→ **Data extract**:
- Opening Delimiter -
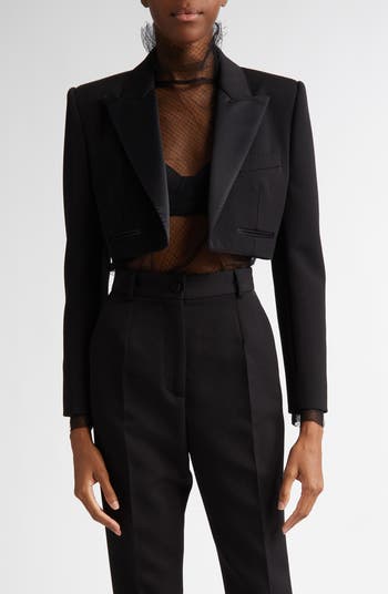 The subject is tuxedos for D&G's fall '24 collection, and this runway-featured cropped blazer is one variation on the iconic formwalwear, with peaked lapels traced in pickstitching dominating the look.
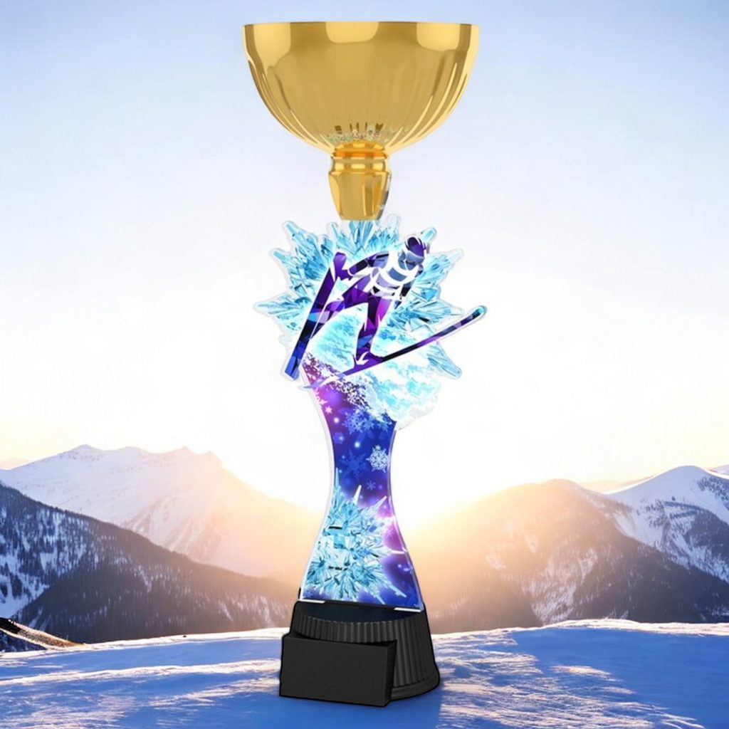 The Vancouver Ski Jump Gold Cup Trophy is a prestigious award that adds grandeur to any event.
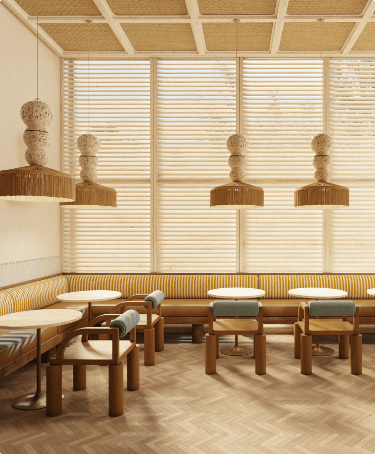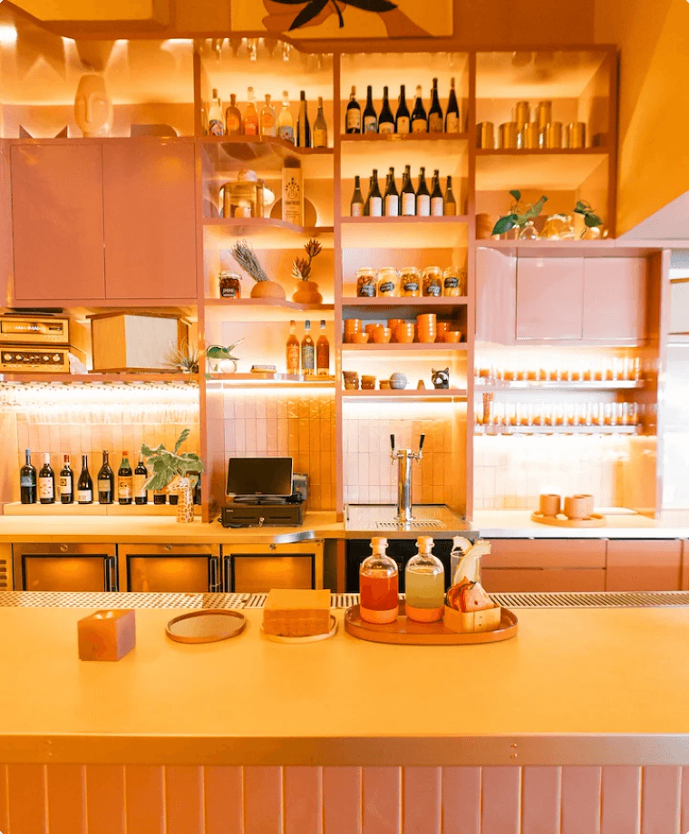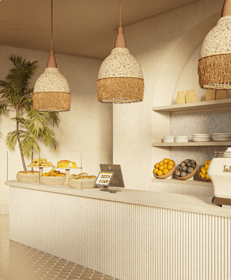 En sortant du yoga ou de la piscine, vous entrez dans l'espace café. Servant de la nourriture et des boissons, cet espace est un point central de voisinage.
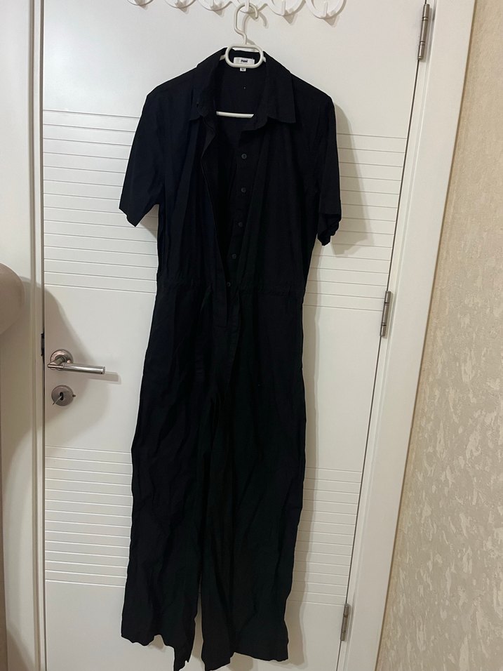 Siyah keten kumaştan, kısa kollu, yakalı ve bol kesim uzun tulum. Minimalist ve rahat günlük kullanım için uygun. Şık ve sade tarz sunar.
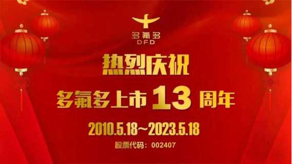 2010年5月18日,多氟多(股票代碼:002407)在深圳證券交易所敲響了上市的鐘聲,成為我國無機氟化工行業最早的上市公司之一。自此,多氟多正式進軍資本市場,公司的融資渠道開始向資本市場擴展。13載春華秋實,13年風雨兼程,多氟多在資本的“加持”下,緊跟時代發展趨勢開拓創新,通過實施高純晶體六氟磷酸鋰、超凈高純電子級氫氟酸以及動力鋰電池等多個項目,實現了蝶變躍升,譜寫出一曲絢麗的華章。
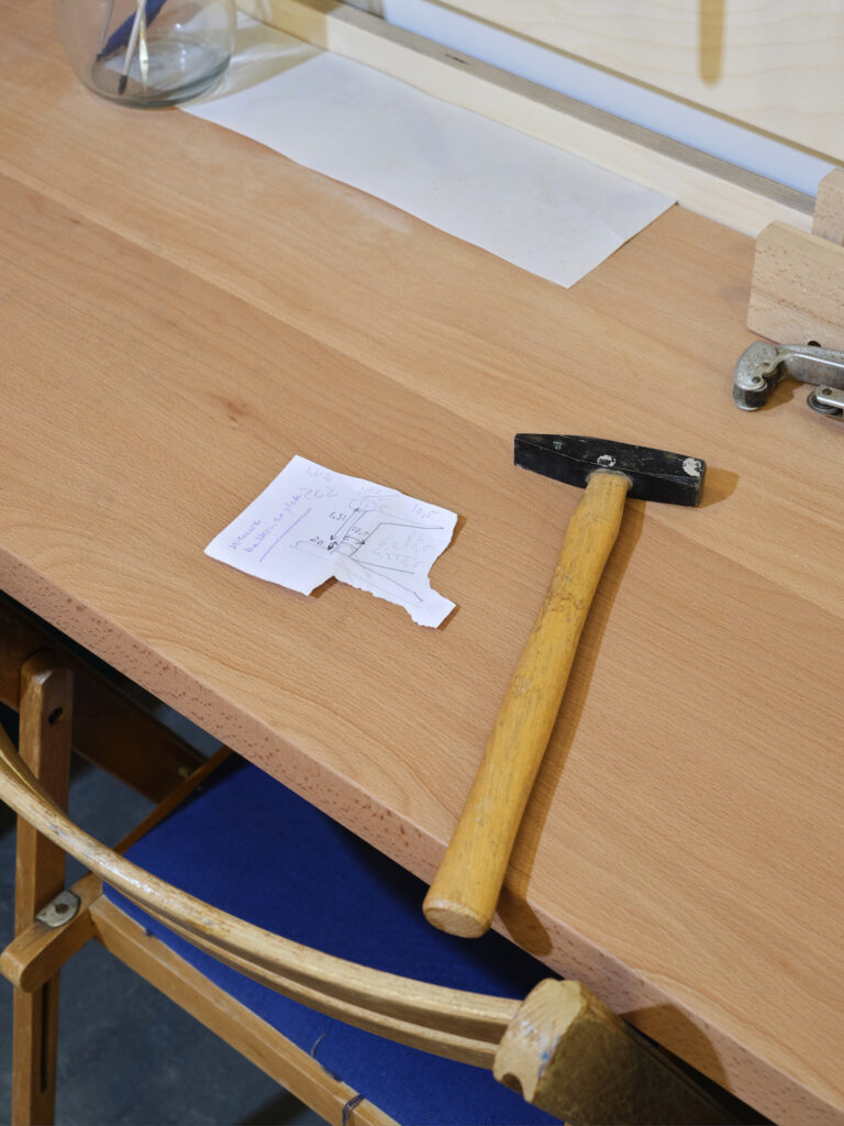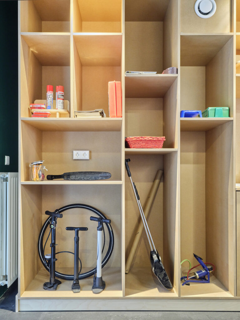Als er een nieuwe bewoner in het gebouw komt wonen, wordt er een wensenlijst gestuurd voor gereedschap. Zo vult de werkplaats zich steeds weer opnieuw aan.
- Closing Delimiter -
- Opening Delimiter -
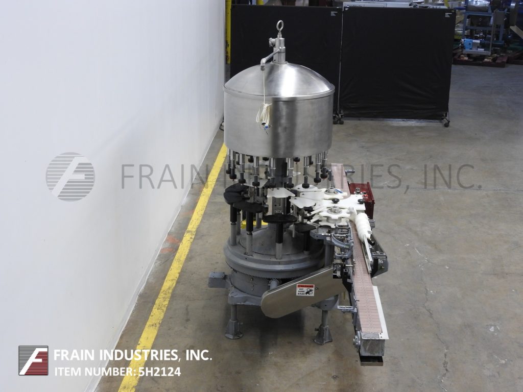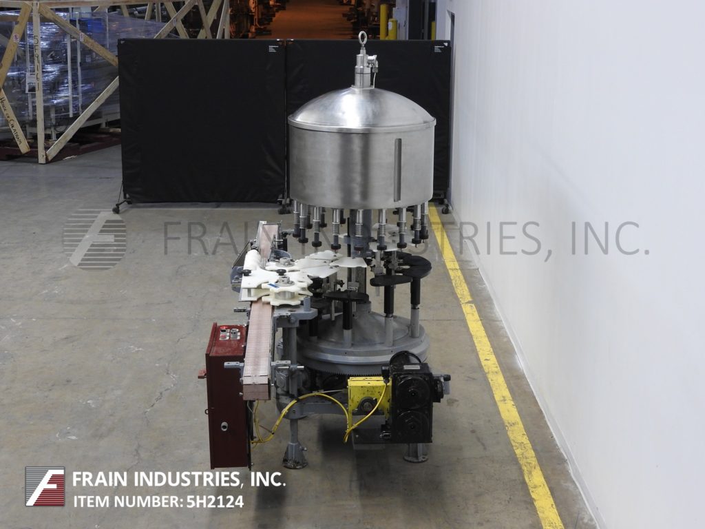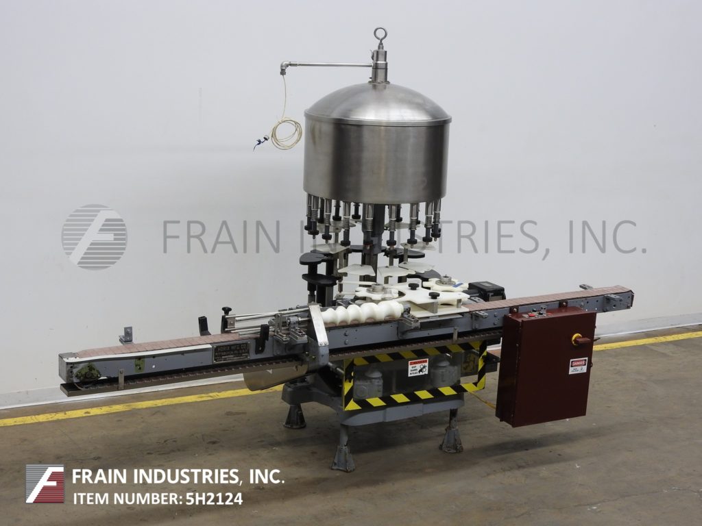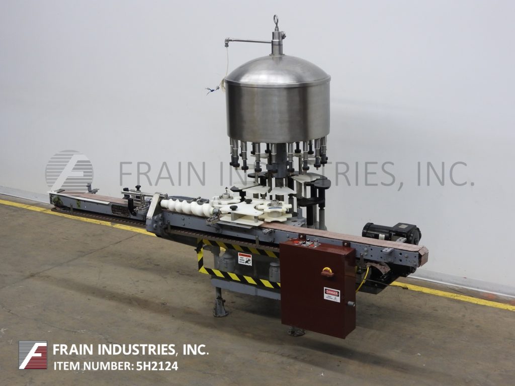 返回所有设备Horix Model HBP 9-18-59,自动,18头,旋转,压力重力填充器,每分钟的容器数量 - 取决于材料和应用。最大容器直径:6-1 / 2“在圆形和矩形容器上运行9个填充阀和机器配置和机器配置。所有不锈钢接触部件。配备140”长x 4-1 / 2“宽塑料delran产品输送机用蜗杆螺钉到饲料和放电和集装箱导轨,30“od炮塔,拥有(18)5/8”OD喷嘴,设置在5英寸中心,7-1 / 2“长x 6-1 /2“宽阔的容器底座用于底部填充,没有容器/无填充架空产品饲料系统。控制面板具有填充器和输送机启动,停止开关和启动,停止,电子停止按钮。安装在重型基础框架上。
- Closing Delimiter -
- Opening Delimiter -
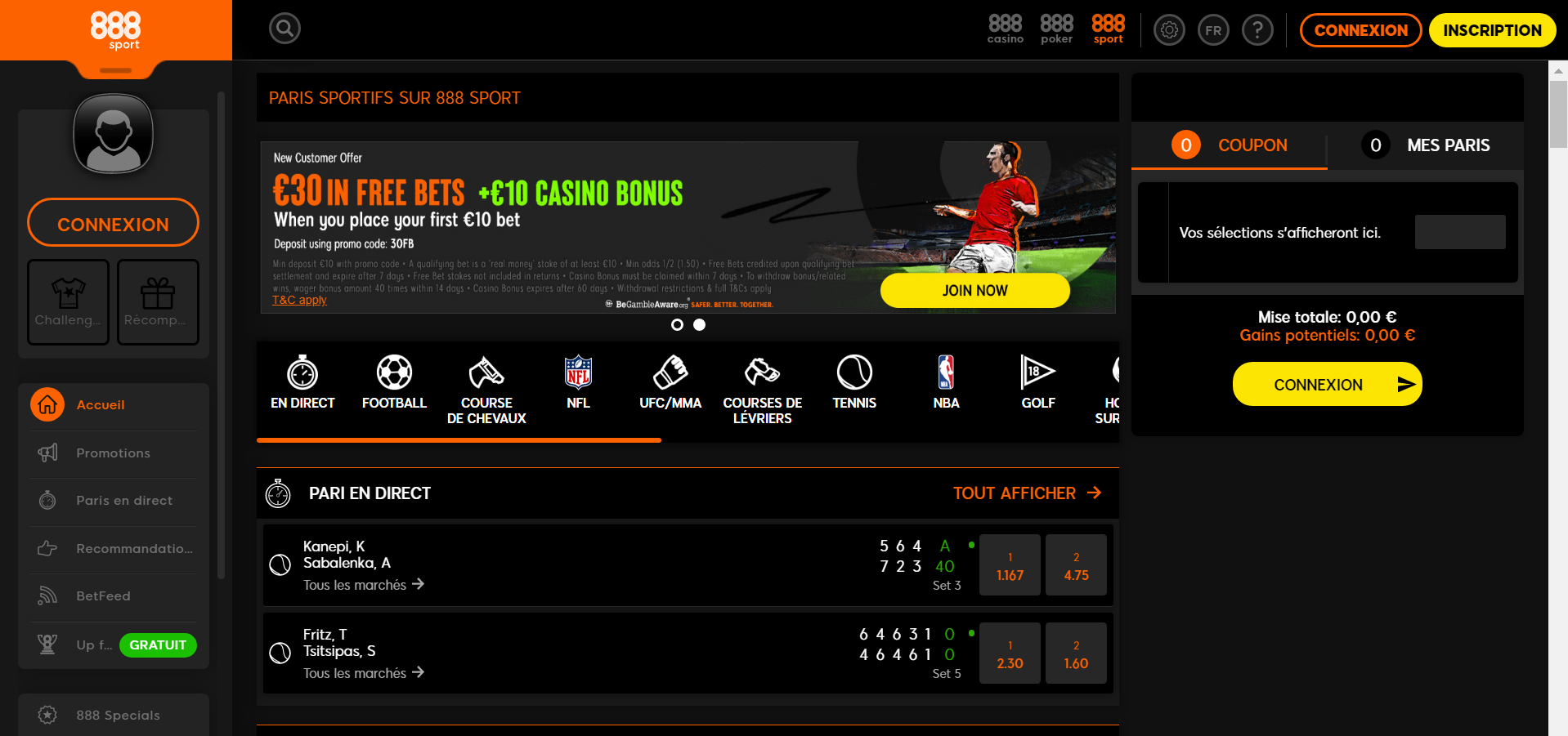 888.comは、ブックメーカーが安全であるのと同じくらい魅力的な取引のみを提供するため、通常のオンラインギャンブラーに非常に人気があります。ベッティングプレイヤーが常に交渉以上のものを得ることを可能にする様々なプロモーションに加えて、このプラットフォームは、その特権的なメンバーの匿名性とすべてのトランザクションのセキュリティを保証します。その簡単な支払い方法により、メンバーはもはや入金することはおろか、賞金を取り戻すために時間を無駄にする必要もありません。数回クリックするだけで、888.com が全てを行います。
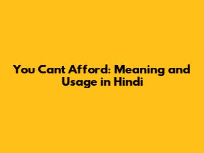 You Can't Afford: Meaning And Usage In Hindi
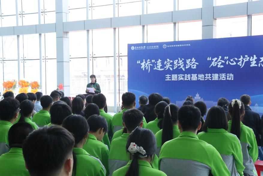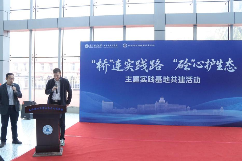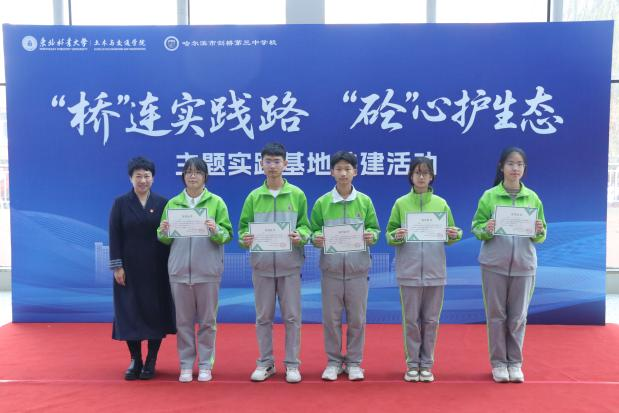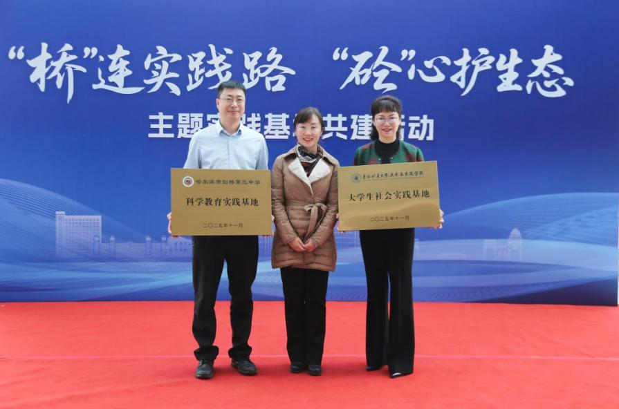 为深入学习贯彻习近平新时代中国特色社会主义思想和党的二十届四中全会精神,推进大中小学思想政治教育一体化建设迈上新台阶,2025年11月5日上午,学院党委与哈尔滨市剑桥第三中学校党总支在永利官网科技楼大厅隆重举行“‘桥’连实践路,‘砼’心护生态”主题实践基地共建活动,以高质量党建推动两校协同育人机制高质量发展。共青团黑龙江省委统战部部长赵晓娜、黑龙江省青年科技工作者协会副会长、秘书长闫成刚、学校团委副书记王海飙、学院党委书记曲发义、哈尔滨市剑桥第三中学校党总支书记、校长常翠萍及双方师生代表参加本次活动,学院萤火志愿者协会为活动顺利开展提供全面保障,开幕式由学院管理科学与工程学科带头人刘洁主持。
- Closing Delimiter -
→ **Aim of the task**:
Give back exactly the lines above that run from the one with "You Can't Afford: Meaning And Usage In Hindi" to the one with "为深入学习贯彻习近平新时代中", including both, with the pictures left out.

→ **Response to the task**:
 You Can't Afford: Meaning And Usage In Hindi
 为深入学习贯彻习近平新时代中国特色社会主义思想和党的二十届四中全会精神,推进大中小学思想政治教育一体化建设迈上新台阶,2025年11月5日上午,学院党委与哈尔滨市剑桥第三中学校党总支在永利官网科技楼大厅隆重举行“‘桥’连实践路,‘砼’心护生态”主题实践基地共建活动,以高质量党建推动两校协同育人机制高质量发展。共青团黑龙江省委统战部部长赵晓娜、黑龙江省青年科技工作者协会副会长、秘书长闫成刚、学校团委副书记王海飙、学院党委书记曲发义、哈尔滨市剑桥第三中学校党总支书记、校长常翠萍及双方师生代表参加本次活动,学院萤火志愿者协会为活动顺利开展提供全面保障,开幕式由学院管理科学与工程学科带头人刘洁主持。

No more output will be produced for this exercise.